In the evening today, we took a bus tour out to see lava flows from a viewing spot for the local volcano – forgive me I’ve forgot it’s name.  It was somewhat disappointing, the rain returned and we only saw a few brief flares that were bright enough to shine through the thick clouds.  The town is close enough we might still see something tomorrow night, though, so fingers crossed.

From there we went to Baldi hot springs, a natural hot spring that’s been totally turned into a resort.  Tons of hot pools and two huge slides.  I had immense fun plummeting down those hot water slides because I had to use both hands to hold my glasses on, it was like being shot out of a gun at max velocity!  Some of us are totally considering a return trip tomorrow.

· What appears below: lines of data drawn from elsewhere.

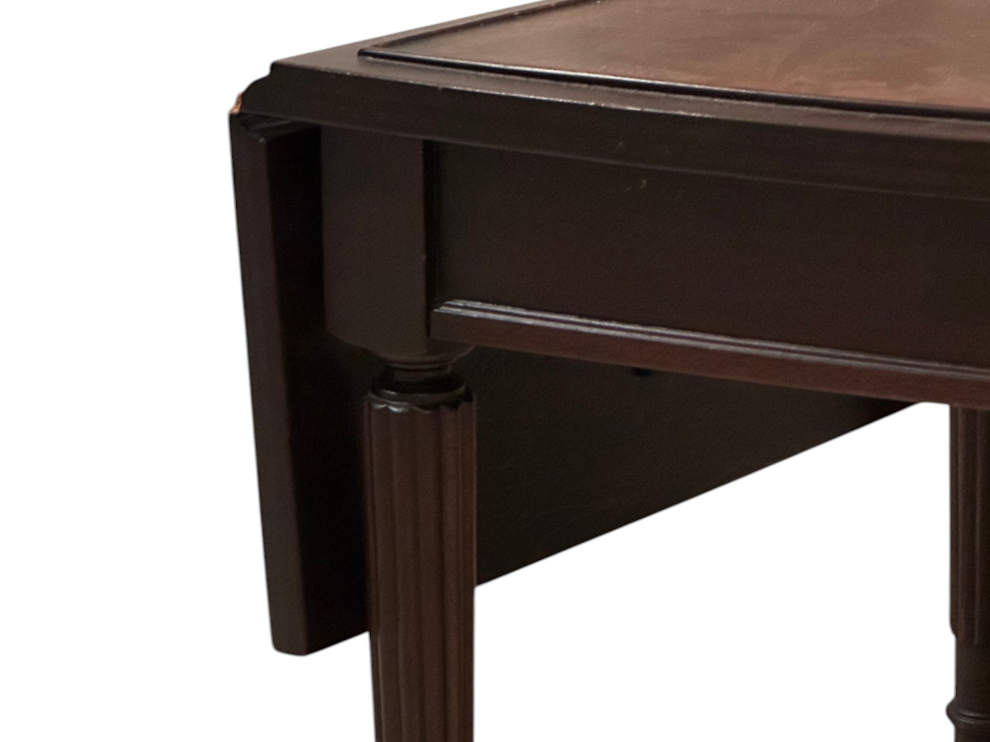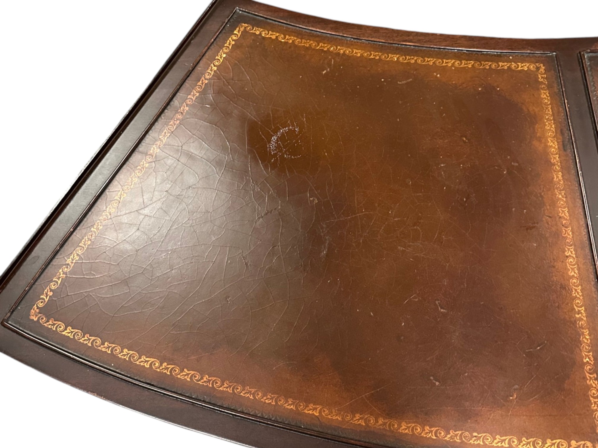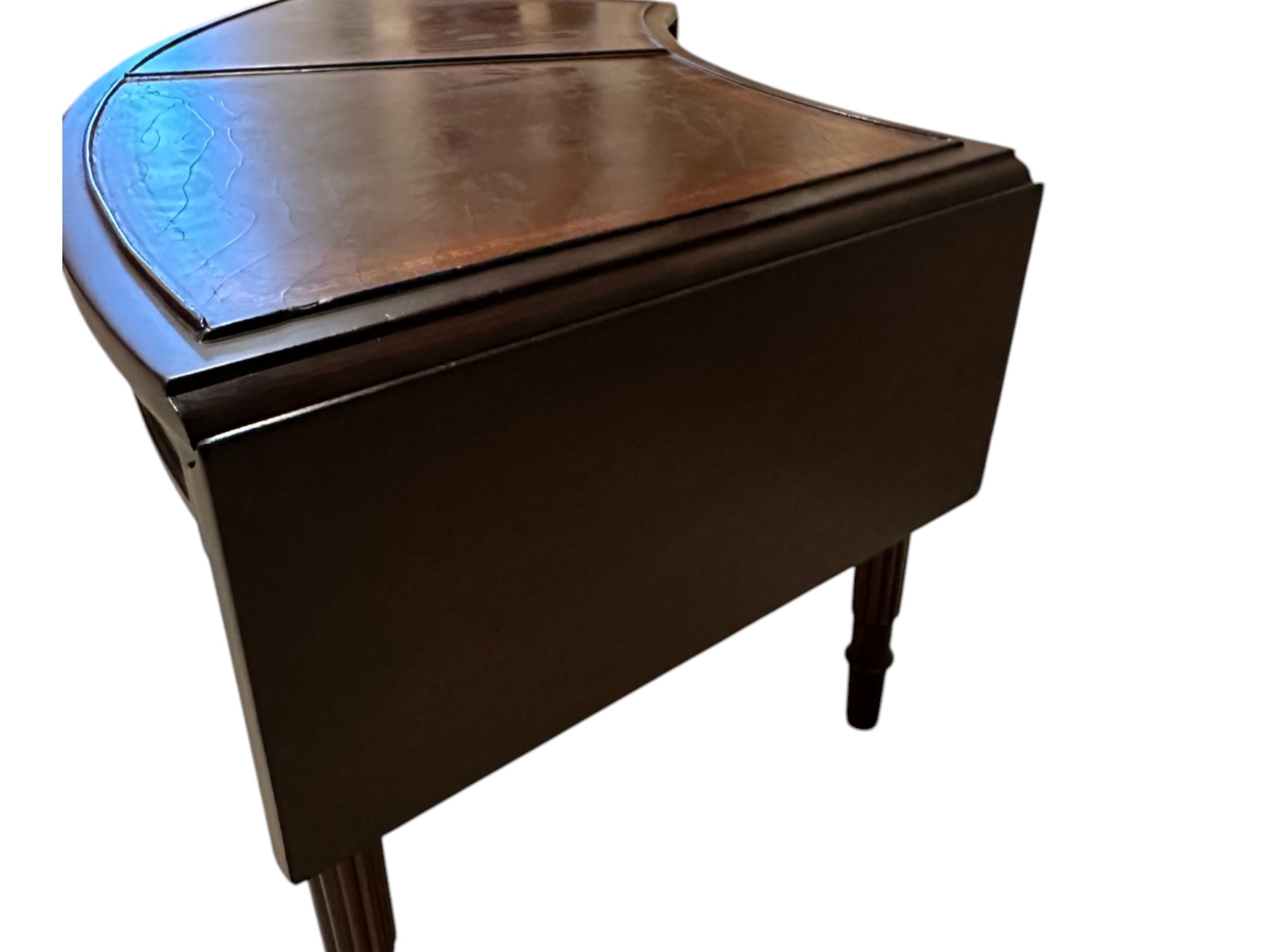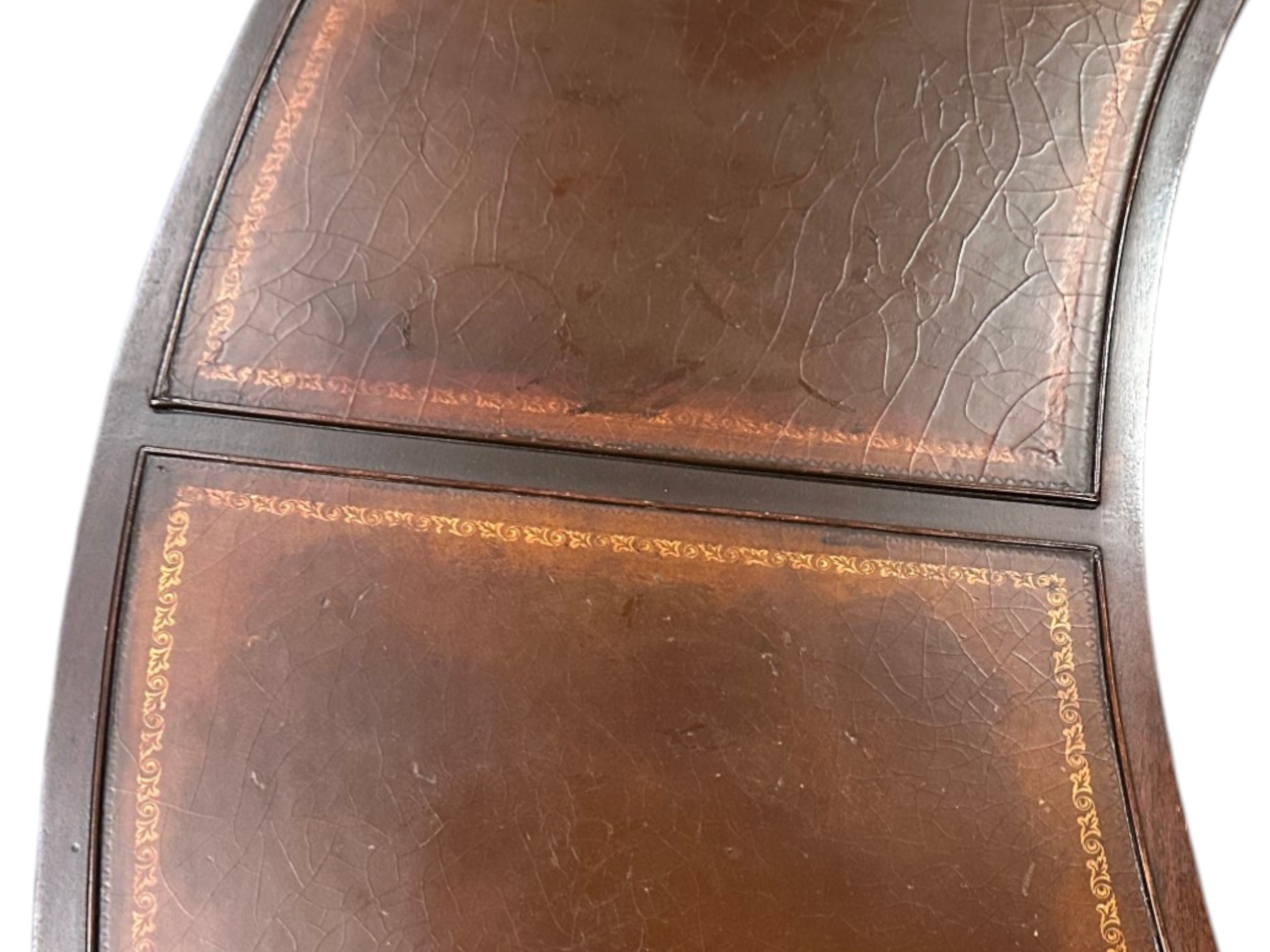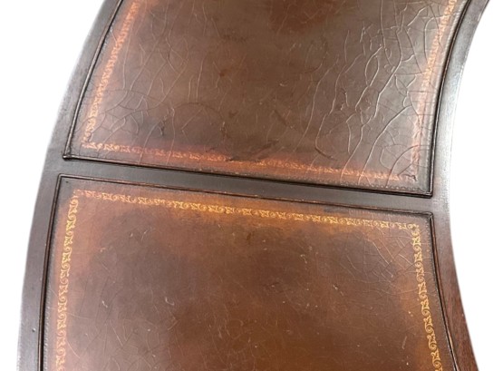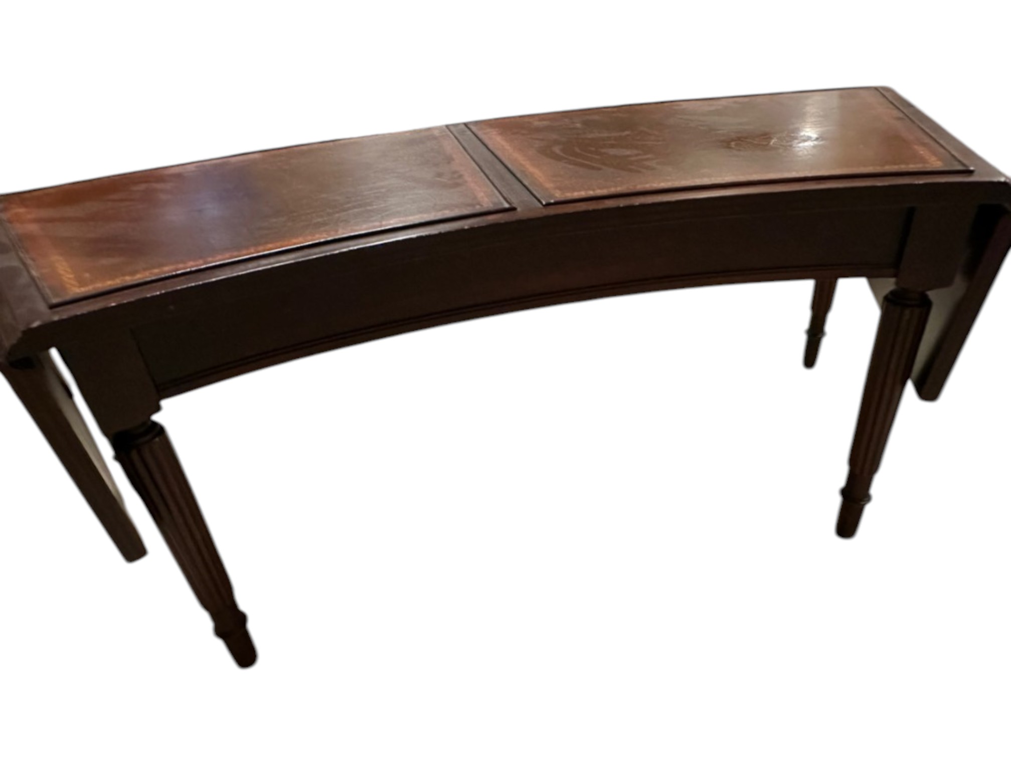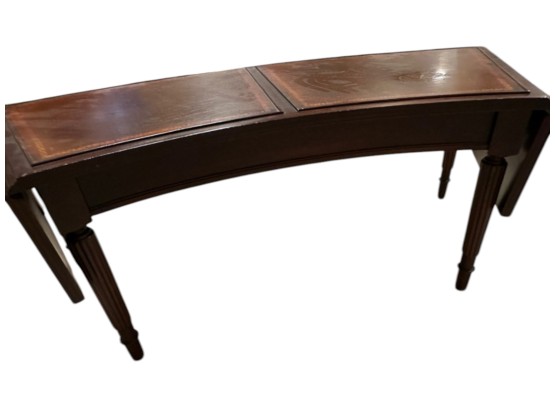 Vintage (mid 20th c.) Federal style mahogany demilune console table, featuring a leather or faux leather inlay top and two drop leaf extension sides.
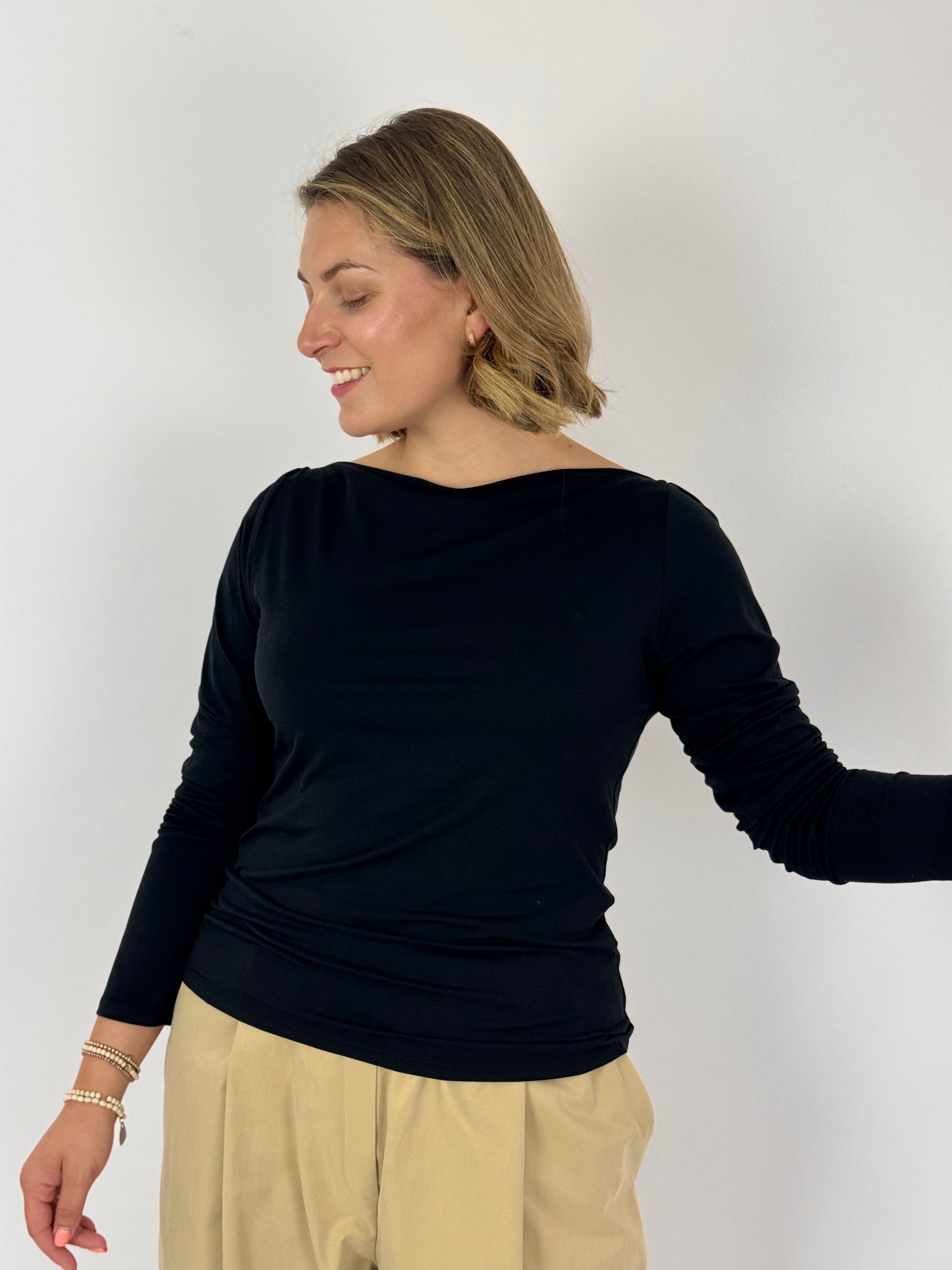Crafted for ultimate comfort, the Les Filles d'Ailleurs 849 Top in Black features a super soft fabric that feels gentle on the skin. Its elegant boat neckline enhances the silhouette with a refined touch, while subtle pleat detailing on the shoulder adds sophistication and visual interest. This top combines timeless style with expert tailoring, making it an excellent choice for both casual and polished looks.
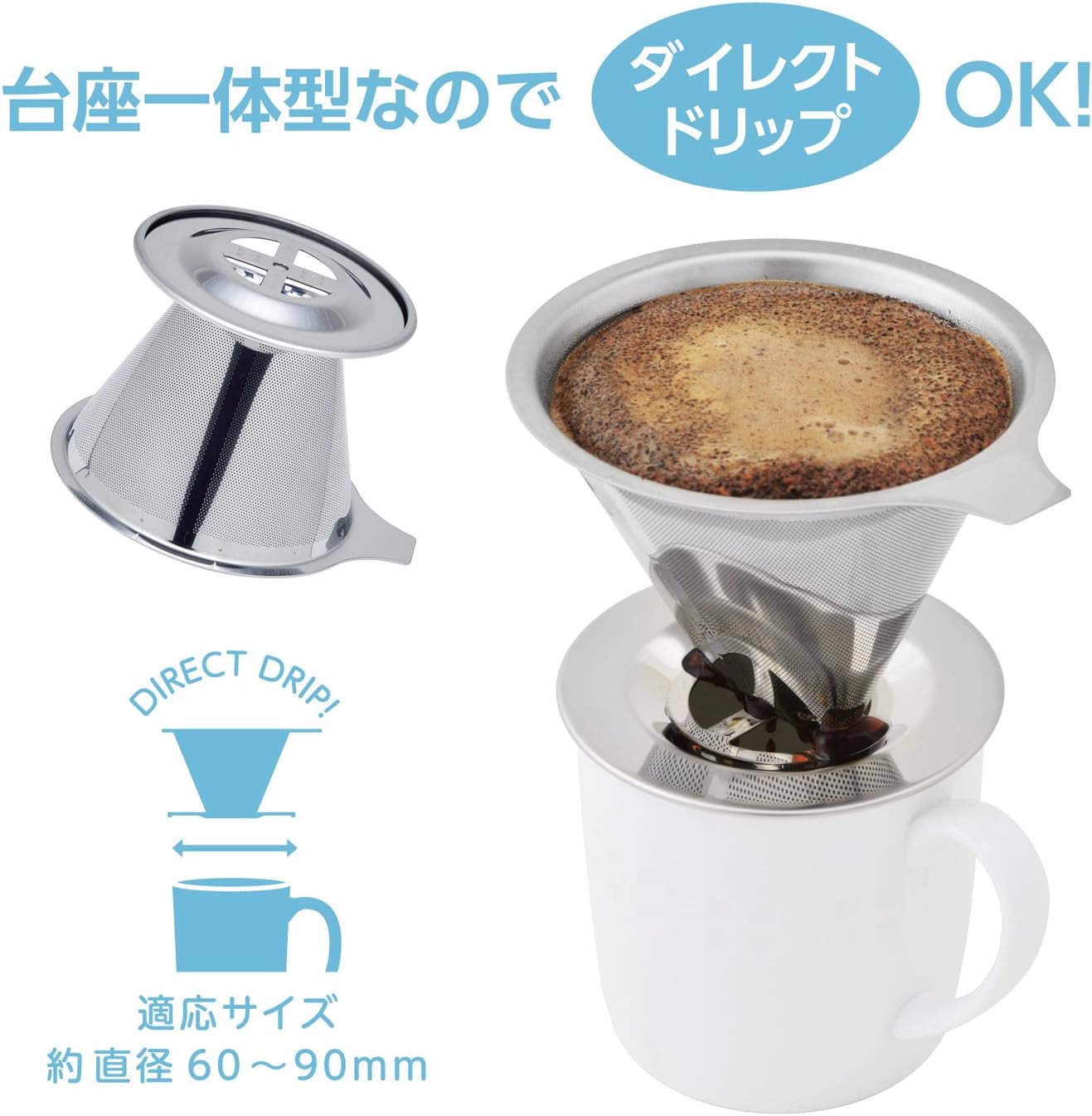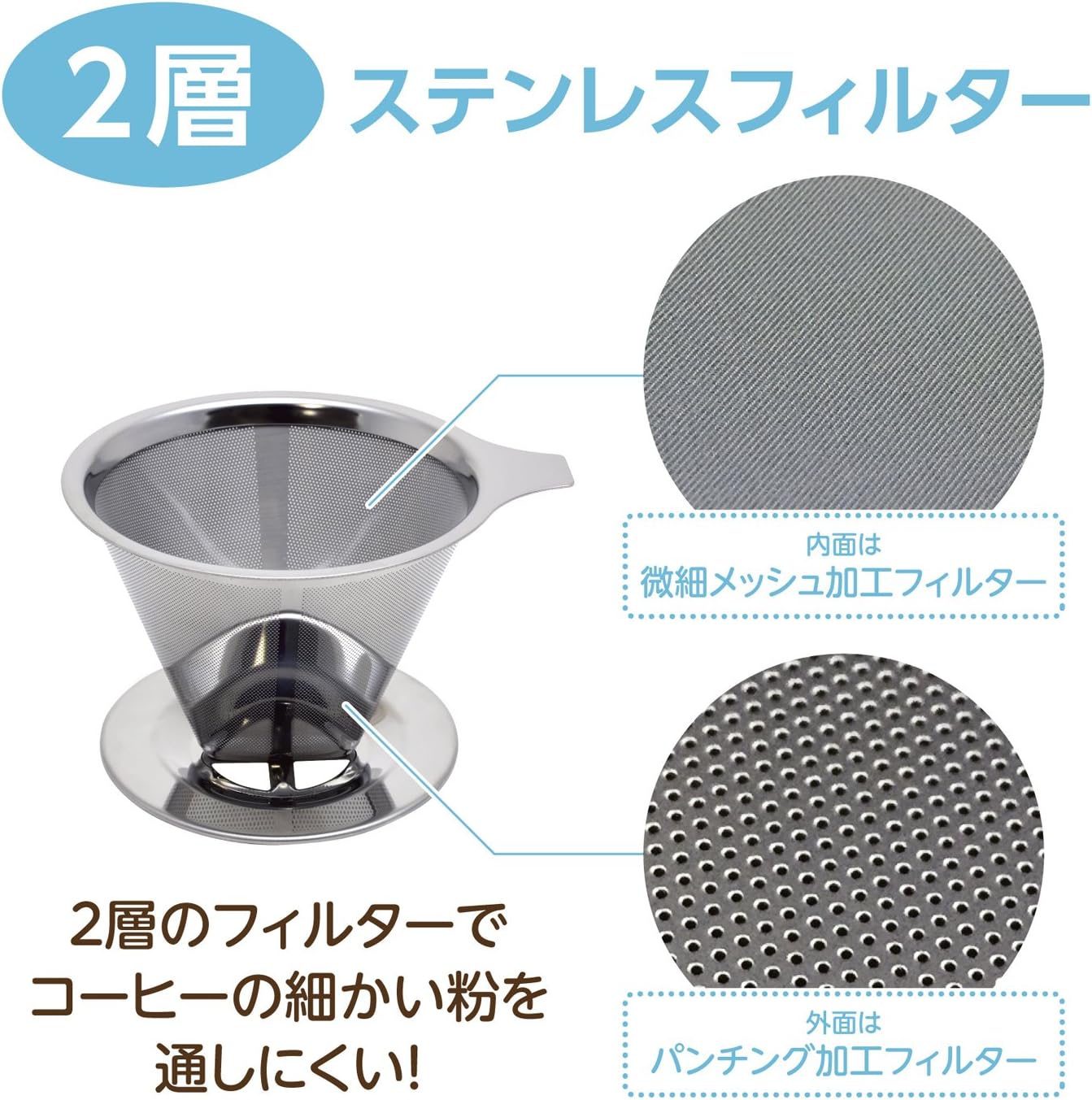 Stainless steel dripper with no paper filter required (for 2 to 4 cups). ● Allows you to extract the original ingredient of coffee. The 2-layer stainless steel filter structure is made with fine mesh processing to prevent fine coffee from passing through. Can be used with paper filters, so you can enjoy the different flavor of your coffee beans. Trapezoid design can be used in conjunction with paper filters. The special brush is designed to prevent the residual of coffee powder and is easy to clean and easy to clean. Stylish stainless steel design gives you a different coffee time. How to use Set 1 dripper and fill coffee powder for a few minutes and lay flat. 2. Pour the entire coffee powder from the center of boiling water slowly and steamed for about 20 seconds. 3. Slowly pour hot water into a circular shape from the center. Adjust the coarseness and amount of coffee powder according to your preference.
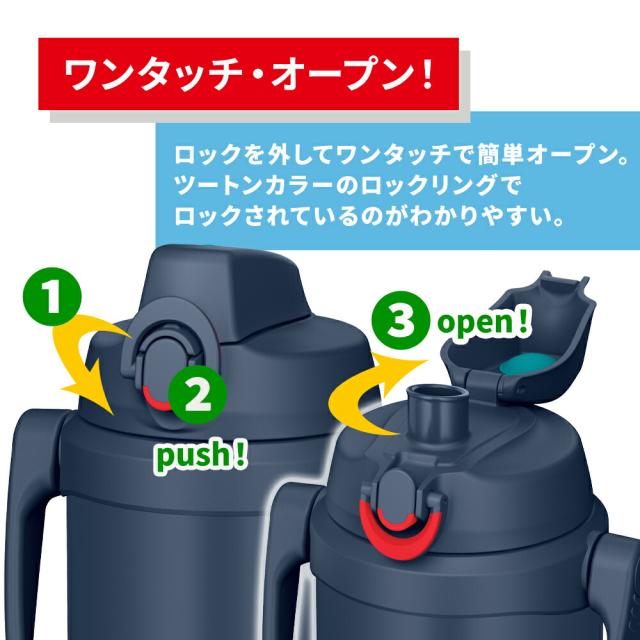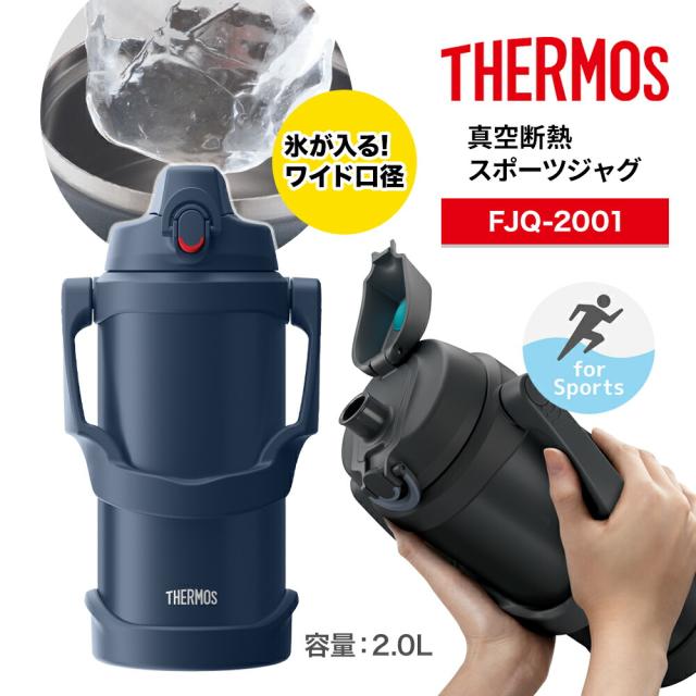 2L THERMOS サーモス 真空断熱スポーツジャグ FJQ-2001 2リットル 保冷専用 サーモスジャグ スポーツ 水筒 保冷 大容量 ワンタッチオープン 直飲み ステンレスボトル スポーツドリンク対応 ハンドル付き アイス 部活 アウトドア用 通勤 通学 子供

My only definite plan tomorrow is a canopy tour at 10am.  Otherwise, maybe some sightseeing around town and a little chill time.  The next day part of the group is going whitewater rafting.  Three of us not interested are staying in town until noon and will be picked up and taken to re-unite with the rest for our trek back into San Jose.  So, yes, the trip is in its final days now!  WAAHHH!!!!  So, yes, I’ve complained a little, but you see now that I’ll still be sorry to leave.